Well, here I am in Boston. Staying with my friend, the high school crush. Today was a hard day for me. I wasn't myself, and I was realizing it, and it worried me. We hung out in Boston, saw an Omnimax, walked around for hours. Should have been a great time. But I was feeling kinda distant, withdrawn, even at times saddened. Did I feel threatened by the old friend hanging out with us because he would occasionally touch her - as a friend, with the same kind of touch I used yesterday? I better not, I have no right! And he's married hapilly, so he shouldn't be a threat in my mind. But every time he did it, I felt like my heart sank a little or something. I just wanted to have fun so that I would look like I was having fun and not be a downer on their day. I don't know how I came off, but I hope they didn't see my attitude and get bummed by it.

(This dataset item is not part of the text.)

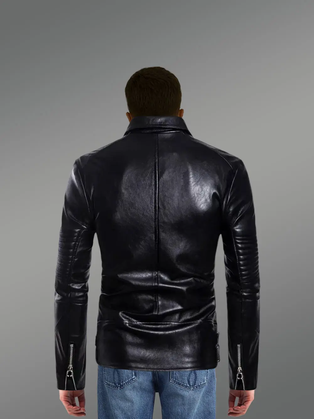 This biker jacket is designed to fit snugly to the body and arms. Furthermore, the elasticity of lambskin leather allows it to properly conform to one’s body shape. This fashionable outfit also brings many convenient features to the users. It has notched lapel of lambskin leather with snap buttons to comfort the neck. Edgy look of this lapel indeed adds character to this outfit’s overall appearance.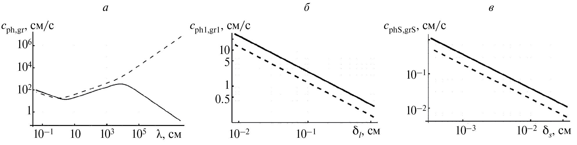 Рис. 3. Зависимость фазовой (пунктирные линии) и групповой (сплошные линии) скорости от (а) длины волны, (б) лигамента поля скоростей, (в) лигамента солености.

Also on my radar, I don't know what to think about her. We've been flirty the last few times we met. We've gotten drunk together and ended up kissing. I had a line that I thought was cute that would hopefully bring a little more kissing. But I'm getting scared that she wouldn't want to hear a line like that - that she just isn't interested. We're... well, SHE'S not very flirty this time. I just don't know anymore... don't think I ever did. Had I ever decided if I wanted a long distance relationship? Or was I just interested in making a conquest? I hate the idea, but I don't know what causes my desires, so I can't say for certain that I'm NOT just looking to conquer. Do I want to risk alienating her to find out?

Well, this weekend, we'll be getting drunk. Of that, I'm certain. It's a lame way to go, but I think from past experience that if there's gonna be a time to let her know how I feel, it'll be tomorrow night. Besides, if it does scare her, I have an easy way out. I was drunk.

To all women out there: I'm so sorry. I think of myself as a good guy. A lot of my female friends do, and a lot of their boyfriends agree. We men have a lot of crap going on in our heads - so much that even we can't always tell what's in there. I swear by all that is important to me, I wouldn't ever want to hurt her, or scare her away from me. I also wouldn't want to make one of the worst risks a man can take - that of taking no risks! I have to risk it, whatever the risk, whatever the motivation. I can only hope no unfair pain comes of it.

Goodnight everybody. Happy father's day.